The first notional rewriting of this claim to make plain this differentiation would be: (A) “A composition having enhanced bactericidal activity comprising novobiocin in combination with one other antibiotic selected from the following, namely, penicillin, tetracycline, oxytetracycline, chlortetracycline, streptomycin, chloramphenicol, bacitracin, neomycin, spiramycin, streptothricin and grisein.” (B) “a composition . . . comprising novobiocin in combination with two or more antibiotics selected from the following, namely, penicillin, tetracycline, oxytetracycline, chlortetracycline, streptomycin, chloramphenicol, bacitracin, neomycin, spiramycin, streptothricin and grisein.”

Of these two notional divisions of claim 1 only “A” is relevant and this may be notionally further rewritten in the form of eleven independent claims in the form, (C) “A composition . . . comprising novobiocin in combination with penicillin”; (D) “A composition . . . comprising novobiocin in combination with tetracycline”; (E) “A composition . . . comprising novobiocin in combination with oxytetracycline”; (F) “A composition . . . comprising novobiocin in combination with chlortetracycline”; and so on through the list.

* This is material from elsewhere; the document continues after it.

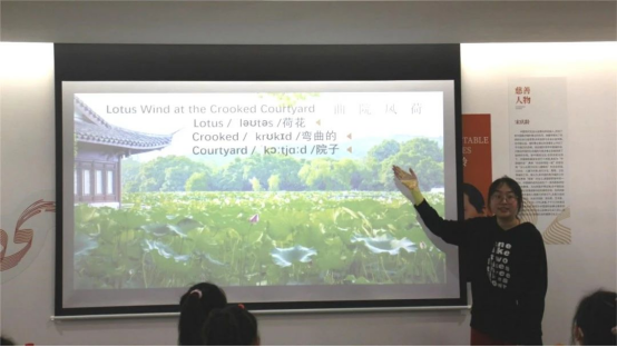 “What do you know about the Ten Views of West Lake?(关于西湖十景你们知道些什么?)”团队成员聚焦活动主题,精心设计了“相约西湖”英文讲解小课堂、英文歌曲互动教学等课程,围绕西湖十景,带领孩子们感受西湖文化,在中英文对比中领略双语文化差异和文化魅力,品读西湖文化特色;通过动画配音游戏让小朋友进一步理解英语语音语调的趣味,团队成员们在实践中也提高了对自己能力的认可,加深了对于专业学习的热情。“这次活动只有我一个大一学生,一开始我有一些担心,但随着实践的顺利开展,听小朋友们唱《We are the world》,教他们跳手势舞,都让我切实感受到了自己的能力,我也坚定了要学好英语的决心。”永利娱城app23翻译2班的李锡樱同学说。

69    Although dealing with prior claiming, Merck provides guidance on how claims of the kind there under consideration are to be construed. The applicant placed reliance on Merck because the relevant claim had drafting similarities to claims 1 and 3 of the 355 specification in that each of these claims provides an explicit selection step leading to various combinations and hence various phosphors within the scope of the claim. The applicant submitted that if the claim in Merck was written out as described by Lloyd-Jacob J, it would comprise 2,047 claims.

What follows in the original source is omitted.